[Random-bits] Huffington Post: A few important stories that are not news (in the US)

James Love james.love@keionline.org
Wed Jun 25 14:08:01 2008


http://www.huffingtonpost.com/james-love/a-few-important-stories-t_b_109122.html

A few important stories that are not news (in the US)

Posted June 25, 2008 | 10:22 AM (EST)

A blog on the news that is not reported in the US could be much
longer. This is only about a few items involving global intellectual
property negotiations.

The World Intellectual Property Organization

Beginning in 2004, the World Intellectual Property Organization
(WIPO), the specialized UN agency dealing with patents, copyrights and
other types of intellectual property rights, underwent a huge
upheaval. Once almost entirely a tool of special interests in the
pharmaceutical, entertainment and publishing industries, WIPO is
emerging as forum for real debates over global intellectual property
policy. Proposals for ill conceived treaties on patent harmonization
and the protection of broadcasting organizations were blocked, the
first by developing countries, and the second by a coalition of
developing countries, civil society NGOs, and innovative businesses.

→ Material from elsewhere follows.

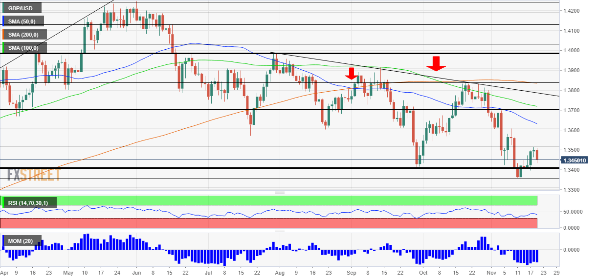 Support awaits at 1.34, late September's tough. It is followed by November's low point of 1.330, and then by 1.3310, a cushion from late 2020.

In 2007, WIPO adopted a far reaching and widely praised "Development
Agenda," with 45 recommendations that redefined and expanded the
agency mission to include a more balanced and modern approach to both
access and the support of innovation and creativity.

Earlier this year the WIPO DG was forced to agree to resign by the
fall, over misconduct. A tentative election for a successor was
recently held, and the new WIPO DG will be Francis Gurry from
Australia, a highly regarded expert who now heads the WIPO patent
section.

The WIPO Standing Committee on Copyright and Related Rights (SCCR),
having rejected a new treaty that would have given broadcasting and
webcasting organizations a property right in content they merely
transmit, is now redefining its mission. First up is an agenda item
involving limitations and exceptions to copyrights, including a
possible treaty for the visually impaired, to make it easier to
publish materials across border that are accessible to the global
blind community.

This week in Geneva the WIPO Standing Committee on Patents (SCP) is
holding its first meeting in two years, in an attempt to create a new
work program on patents. The meeting is very important. Right now the
SCP is considering agenda items in four areas, including:

1) Information on patents (Patent information). This would include
"dissemination of patent information (including the registration of
licenses) and a "database on search and examination reports".

2) Exceptions and limitations which would include exceptions from
patentable subject matter, limitations to the rights, research
exemption and compulsory licenses.

3) Patents and standards.

4) Client-attorney privilege.

Of these, items 2 and 3 are particularly important. The meeting
continues until Friday.

World Health Organization

The World Health Organization has been engaged in intense negotiations
over public health, innovation and intellectual property since 2003,
and in May adopted a widely praised 48 page documentt that set out a
program through 2015 dealing with innovation and access (i+a) for
medical technologies. The new WHO approach will include creative ways
of dealing with the support of both innovation and access, including
importantly an emphasis on "the de-linkage of the costs of research
and development and the price of health products." Among the
controversial initiatives backed by the new WHO plan are the use of
prizes to stimulate R&D, patent pools to obtain licenses that enable
generic competition in developing countries, and discussions on a new
biomedical R&D treaty.

The WHO is setting up a new task force to address certain elements of
the the plan, and will consider proposals from member states,
including these new proposals from Barbados and Bolivia to create
several prize funds to support innovation in areas such as the
development of new diagnostic tests for TB, or new priority medicines
and vaccines (including antibiotics).

ACTA
Japan, the US and the European Union are holding secret negotiations
on a new intellectual property right enforcement treaty, misleadingly
named the Anti-Counterfeiting Trade Agreement. This negotiation is
making headlines in Canada and is reported in Europe, but not by the
US newspapers and wire services. We can't even get from the USTR a
copy of the agenda of the secret meetings, or names of the negotiators.